Extracted records
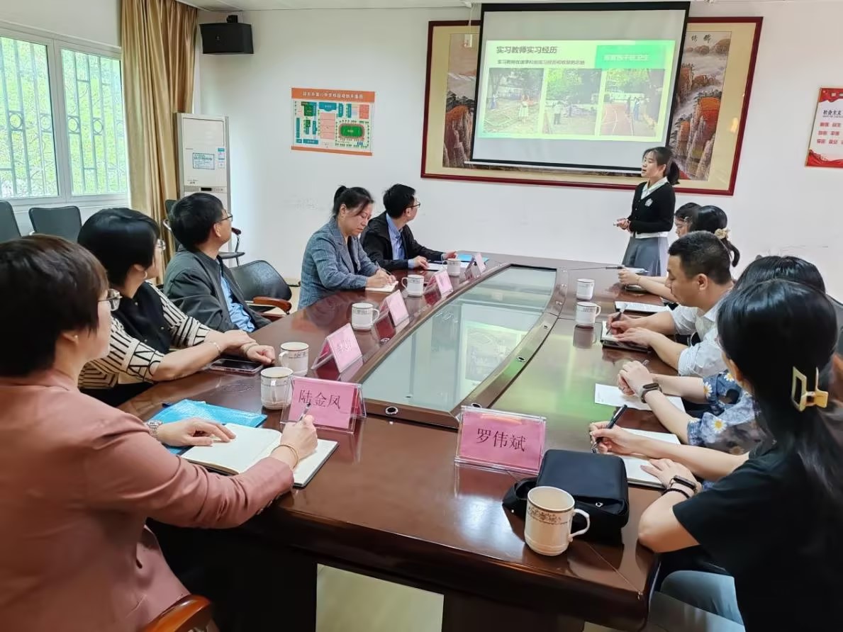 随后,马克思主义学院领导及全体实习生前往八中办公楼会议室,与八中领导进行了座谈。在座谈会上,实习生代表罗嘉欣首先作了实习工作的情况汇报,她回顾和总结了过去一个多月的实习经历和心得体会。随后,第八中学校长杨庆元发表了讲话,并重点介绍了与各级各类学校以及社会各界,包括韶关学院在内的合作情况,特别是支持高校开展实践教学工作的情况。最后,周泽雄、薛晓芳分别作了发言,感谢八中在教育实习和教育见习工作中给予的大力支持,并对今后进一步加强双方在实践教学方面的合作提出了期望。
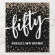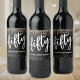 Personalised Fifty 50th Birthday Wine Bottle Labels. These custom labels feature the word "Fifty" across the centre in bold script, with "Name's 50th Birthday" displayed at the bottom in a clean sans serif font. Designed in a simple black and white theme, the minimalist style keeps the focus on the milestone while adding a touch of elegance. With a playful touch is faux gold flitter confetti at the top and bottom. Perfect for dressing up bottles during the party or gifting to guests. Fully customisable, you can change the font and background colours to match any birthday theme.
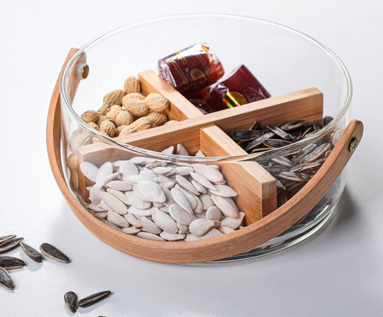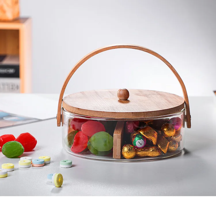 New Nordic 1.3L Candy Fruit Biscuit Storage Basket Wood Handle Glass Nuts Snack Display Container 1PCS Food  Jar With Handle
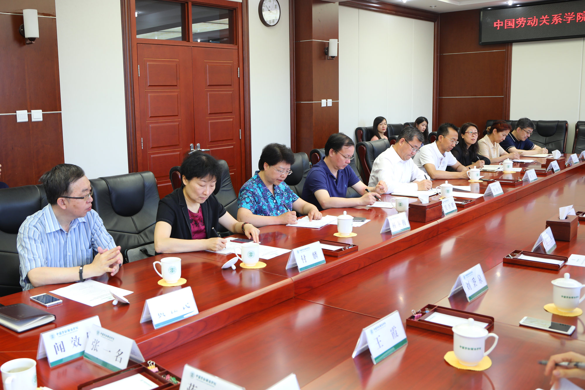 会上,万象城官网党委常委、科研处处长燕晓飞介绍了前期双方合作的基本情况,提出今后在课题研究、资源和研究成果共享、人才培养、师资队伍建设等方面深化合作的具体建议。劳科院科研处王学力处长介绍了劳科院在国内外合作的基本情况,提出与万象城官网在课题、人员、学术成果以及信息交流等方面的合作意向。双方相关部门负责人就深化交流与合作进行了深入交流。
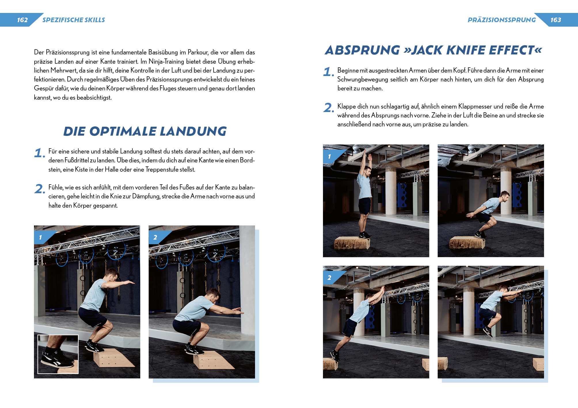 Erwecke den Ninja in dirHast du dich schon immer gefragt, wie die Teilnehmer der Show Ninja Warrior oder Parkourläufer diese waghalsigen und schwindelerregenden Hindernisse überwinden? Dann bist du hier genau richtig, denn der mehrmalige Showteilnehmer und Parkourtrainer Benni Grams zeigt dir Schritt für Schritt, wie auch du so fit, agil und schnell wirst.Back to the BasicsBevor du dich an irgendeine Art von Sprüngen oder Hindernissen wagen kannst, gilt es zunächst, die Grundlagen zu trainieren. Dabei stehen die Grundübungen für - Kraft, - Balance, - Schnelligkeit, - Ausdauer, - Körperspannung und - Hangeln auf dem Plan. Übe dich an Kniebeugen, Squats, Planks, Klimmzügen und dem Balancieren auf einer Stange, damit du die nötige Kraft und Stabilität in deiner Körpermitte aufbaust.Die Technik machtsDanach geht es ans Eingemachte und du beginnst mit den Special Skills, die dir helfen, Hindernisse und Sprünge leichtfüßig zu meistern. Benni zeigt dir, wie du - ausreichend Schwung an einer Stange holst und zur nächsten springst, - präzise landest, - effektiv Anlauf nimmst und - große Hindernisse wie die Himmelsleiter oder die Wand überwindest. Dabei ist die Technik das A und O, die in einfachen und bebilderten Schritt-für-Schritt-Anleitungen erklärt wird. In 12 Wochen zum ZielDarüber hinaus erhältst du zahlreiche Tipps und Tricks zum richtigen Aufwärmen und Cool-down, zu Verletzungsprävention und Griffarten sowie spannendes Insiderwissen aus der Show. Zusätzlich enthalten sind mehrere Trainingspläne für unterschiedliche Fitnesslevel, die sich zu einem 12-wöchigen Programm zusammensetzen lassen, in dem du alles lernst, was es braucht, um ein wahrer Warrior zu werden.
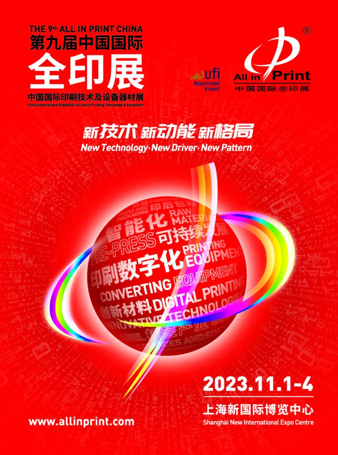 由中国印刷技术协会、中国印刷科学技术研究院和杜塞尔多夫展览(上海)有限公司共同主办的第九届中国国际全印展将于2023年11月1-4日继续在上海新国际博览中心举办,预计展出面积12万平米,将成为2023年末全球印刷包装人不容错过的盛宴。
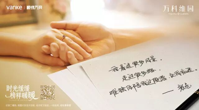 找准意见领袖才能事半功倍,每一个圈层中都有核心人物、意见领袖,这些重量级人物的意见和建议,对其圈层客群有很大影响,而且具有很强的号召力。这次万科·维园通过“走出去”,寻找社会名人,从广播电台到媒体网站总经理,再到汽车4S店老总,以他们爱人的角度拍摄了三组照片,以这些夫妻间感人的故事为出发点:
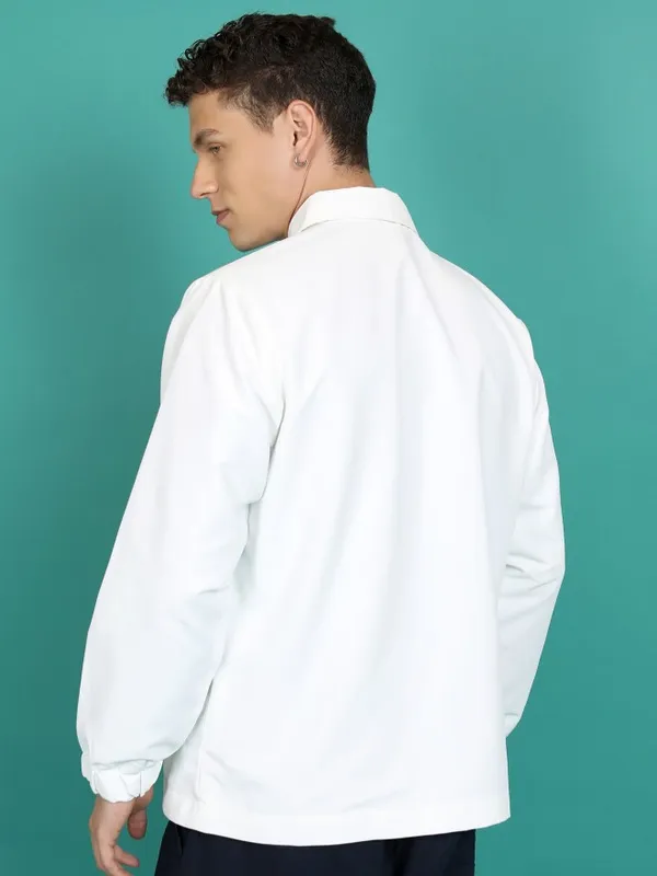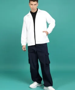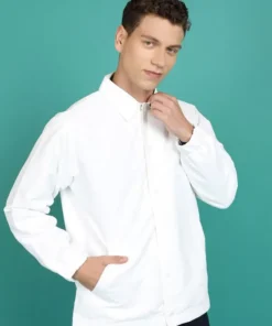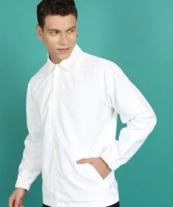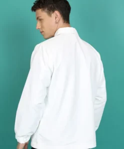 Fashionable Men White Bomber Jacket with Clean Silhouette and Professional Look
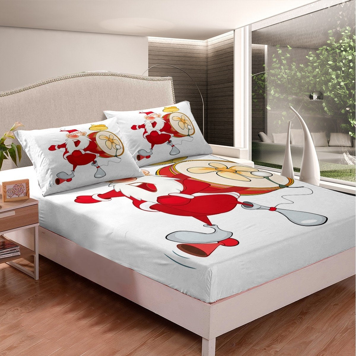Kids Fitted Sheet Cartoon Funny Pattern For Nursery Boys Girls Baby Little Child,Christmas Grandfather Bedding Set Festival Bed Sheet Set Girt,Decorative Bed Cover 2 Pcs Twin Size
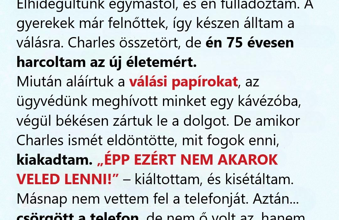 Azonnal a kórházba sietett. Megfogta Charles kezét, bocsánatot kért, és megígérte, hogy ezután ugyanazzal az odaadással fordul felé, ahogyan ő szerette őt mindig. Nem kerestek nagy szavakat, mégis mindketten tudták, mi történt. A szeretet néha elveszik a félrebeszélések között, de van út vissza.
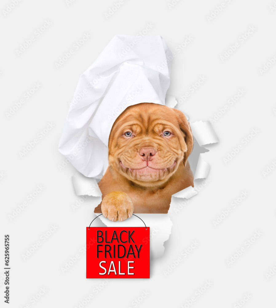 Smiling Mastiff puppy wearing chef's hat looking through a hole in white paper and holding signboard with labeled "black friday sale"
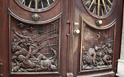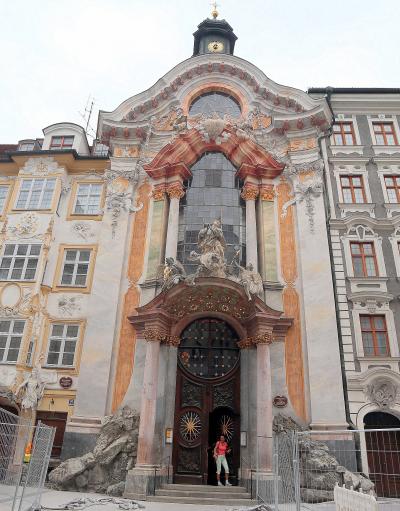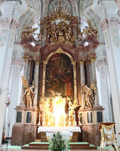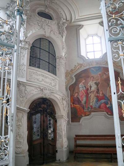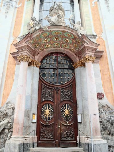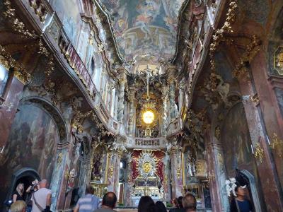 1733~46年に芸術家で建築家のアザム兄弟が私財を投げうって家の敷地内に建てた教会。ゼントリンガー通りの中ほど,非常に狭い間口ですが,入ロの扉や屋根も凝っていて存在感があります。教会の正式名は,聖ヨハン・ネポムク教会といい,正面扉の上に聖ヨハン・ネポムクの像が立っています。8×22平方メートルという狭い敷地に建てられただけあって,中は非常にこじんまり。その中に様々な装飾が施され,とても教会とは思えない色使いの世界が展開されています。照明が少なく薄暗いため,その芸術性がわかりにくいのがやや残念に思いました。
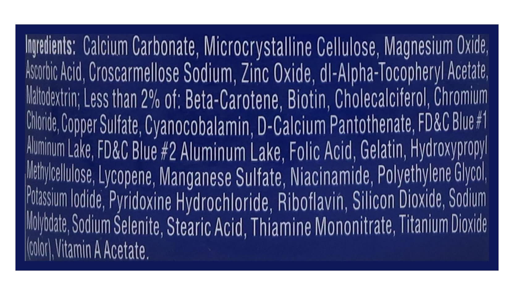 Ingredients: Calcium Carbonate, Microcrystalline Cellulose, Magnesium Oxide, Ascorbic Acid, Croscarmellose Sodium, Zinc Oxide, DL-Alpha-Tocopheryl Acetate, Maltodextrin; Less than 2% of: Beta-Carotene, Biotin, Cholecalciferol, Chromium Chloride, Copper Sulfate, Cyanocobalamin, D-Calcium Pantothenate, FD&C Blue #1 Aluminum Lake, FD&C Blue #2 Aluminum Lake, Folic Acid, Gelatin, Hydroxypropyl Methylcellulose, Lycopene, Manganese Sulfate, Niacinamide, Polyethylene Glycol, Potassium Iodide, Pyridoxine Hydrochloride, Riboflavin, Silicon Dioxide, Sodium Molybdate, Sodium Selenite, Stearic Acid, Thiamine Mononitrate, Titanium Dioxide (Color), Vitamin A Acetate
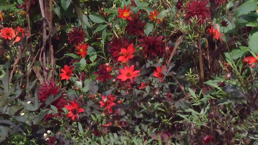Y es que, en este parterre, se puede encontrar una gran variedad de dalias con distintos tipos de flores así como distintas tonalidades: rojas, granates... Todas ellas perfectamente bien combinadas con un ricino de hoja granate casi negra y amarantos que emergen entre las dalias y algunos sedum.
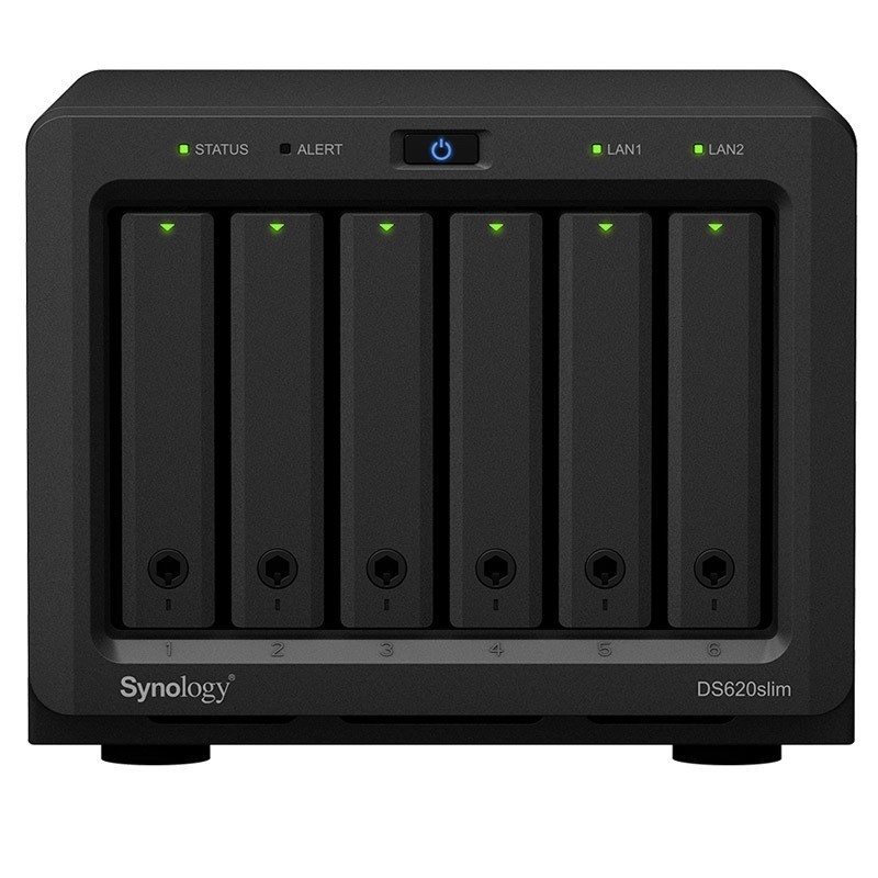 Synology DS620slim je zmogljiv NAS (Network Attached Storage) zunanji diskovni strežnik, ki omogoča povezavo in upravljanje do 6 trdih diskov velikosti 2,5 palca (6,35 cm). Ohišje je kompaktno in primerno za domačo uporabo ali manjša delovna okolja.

THE PROBLEM: If a picture sits between the line containing "New Nordic 1.3L" and the line containing "会上,万象城官网党委常委、科", leave it out, and return the lines of that range above exactly, both ends included.

WRITTEN RESPONSE:
 New Nordic 1.3L Candy Fruit Biscuit Storage Basket Wood Handle Glass Nuts Snack Display Container 1PCS Food  Jar With Handle
 会上,万象城官网党委常委、科研处处长燕晓飞介绍了前期双方合作的基本情况,提出今后在课题研究、资源和研究成果共享、人才培养、师资队伍建设等方面深化合作的具体建议。劳科院科研处王学力处长介绍了劳科院在国内外合作的基本情况,提出与万象城官网在课题、人员、学术成果以及信息交流等方面的合作意向。双方相关部门负责人就深化交流与合作进行了深入交流。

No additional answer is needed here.